* Instructions to follow *
Pull out of the data below the stretch of lines bounded by the one containing "الحب واجه العنصرية" and the one containing "imageAnkis High Heels", both bounds included, unchanged.

* Extracted information *
= Beginning of Section =

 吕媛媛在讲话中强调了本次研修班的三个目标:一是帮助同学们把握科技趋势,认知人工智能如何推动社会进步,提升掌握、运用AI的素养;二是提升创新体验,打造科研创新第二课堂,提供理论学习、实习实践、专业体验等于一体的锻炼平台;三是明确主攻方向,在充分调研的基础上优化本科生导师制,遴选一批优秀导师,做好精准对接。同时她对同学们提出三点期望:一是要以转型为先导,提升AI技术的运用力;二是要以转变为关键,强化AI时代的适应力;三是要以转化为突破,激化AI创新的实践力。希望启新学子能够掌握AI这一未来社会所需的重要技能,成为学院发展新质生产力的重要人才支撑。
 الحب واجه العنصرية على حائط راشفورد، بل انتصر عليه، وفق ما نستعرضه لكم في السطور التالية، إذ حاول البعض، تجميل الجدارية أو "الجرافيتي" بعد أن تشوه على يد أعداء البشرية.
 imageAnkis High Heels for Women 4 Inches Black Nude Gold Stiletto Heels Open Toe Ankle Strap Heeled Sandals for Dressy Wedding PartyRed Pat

= End of Section =
= Beginning of Section =

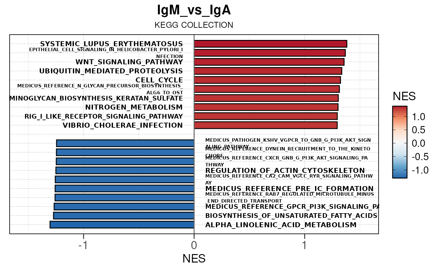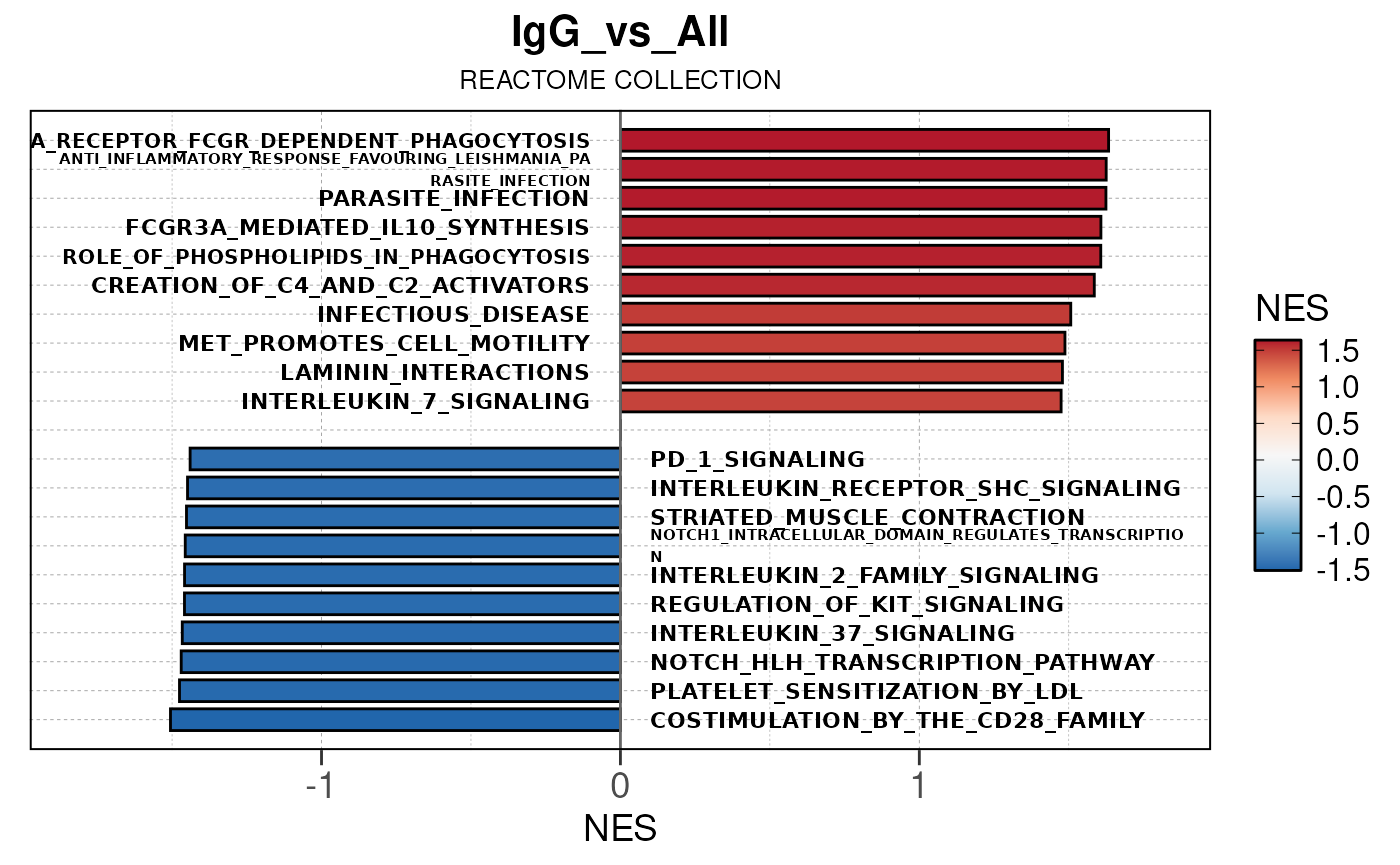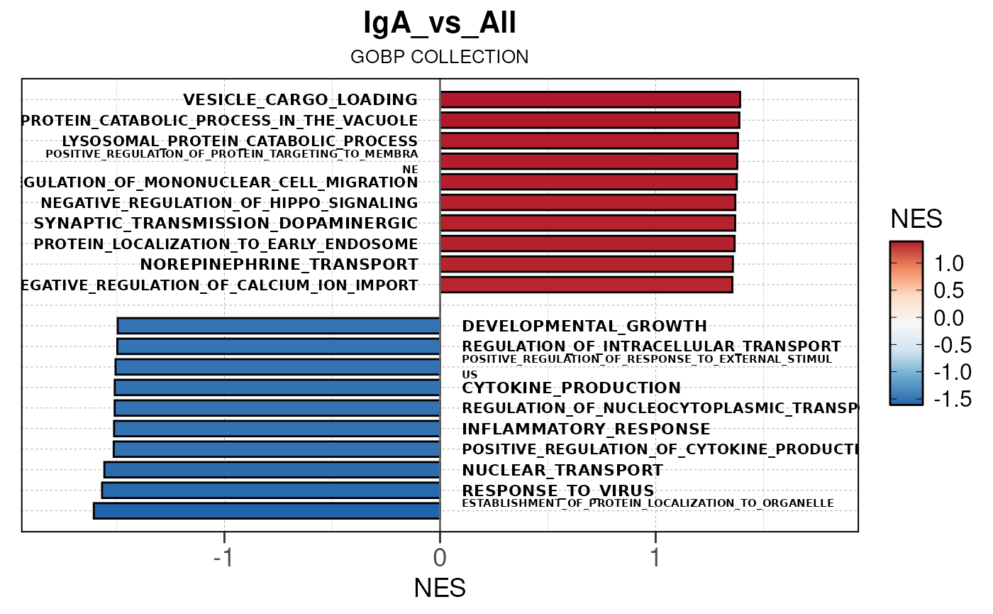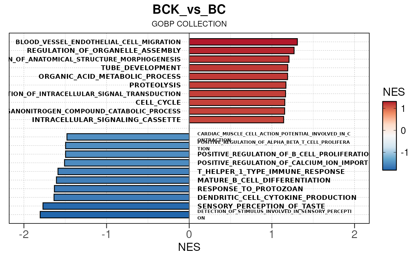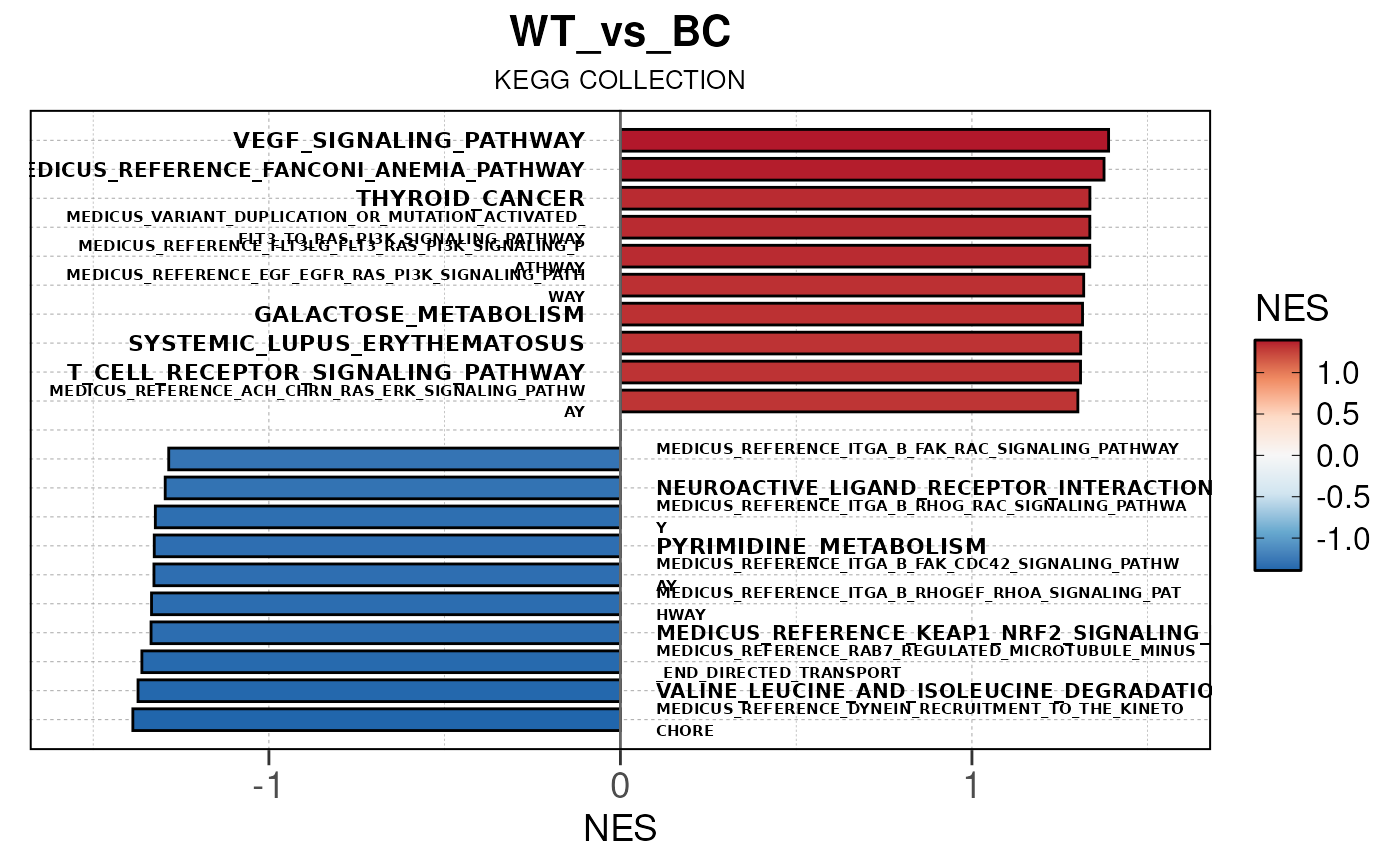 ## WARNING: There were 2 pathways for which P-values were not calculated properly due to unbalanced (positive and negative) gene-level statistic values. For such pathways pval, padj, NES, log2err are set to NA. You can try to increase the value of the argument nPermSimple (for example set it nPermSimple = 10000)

= End of Section =
= Beginning of Section =

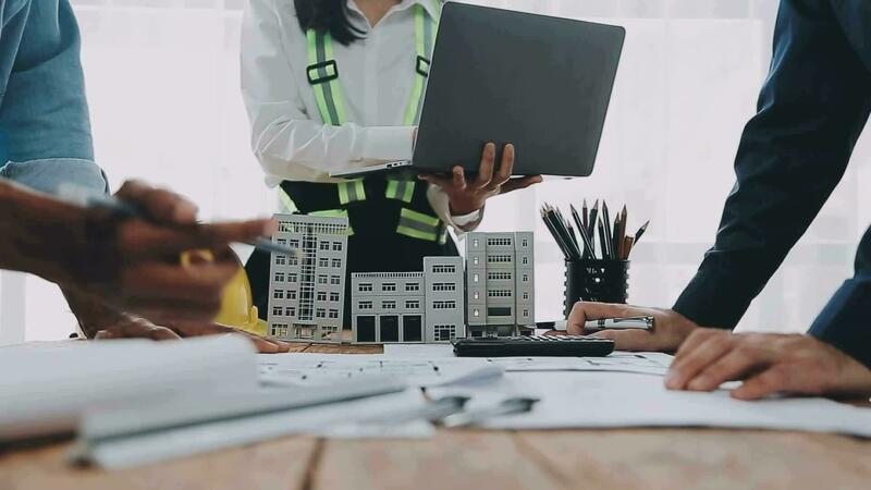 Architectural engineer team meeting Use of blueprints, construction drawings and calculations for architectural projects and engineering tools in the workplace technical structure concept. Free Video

= End of Section =

* Answer box *
 الحب واجه العنصرية على حائط راشفورد، بل انتصر عليه، وفق ما نستعرضه لكم في السطور التالية، إذ حاول البعض، تجميل الجدارية أو "الجرافيتي" بعد أن تشوه على يد أعداء البشرية.
 imageAnkis High Heels for Women 4 Inches Black Nude Gold Stiletto Heels Open Toe Ankle Strap Heeled Sandals for Dressy Wedding PartyRed Pat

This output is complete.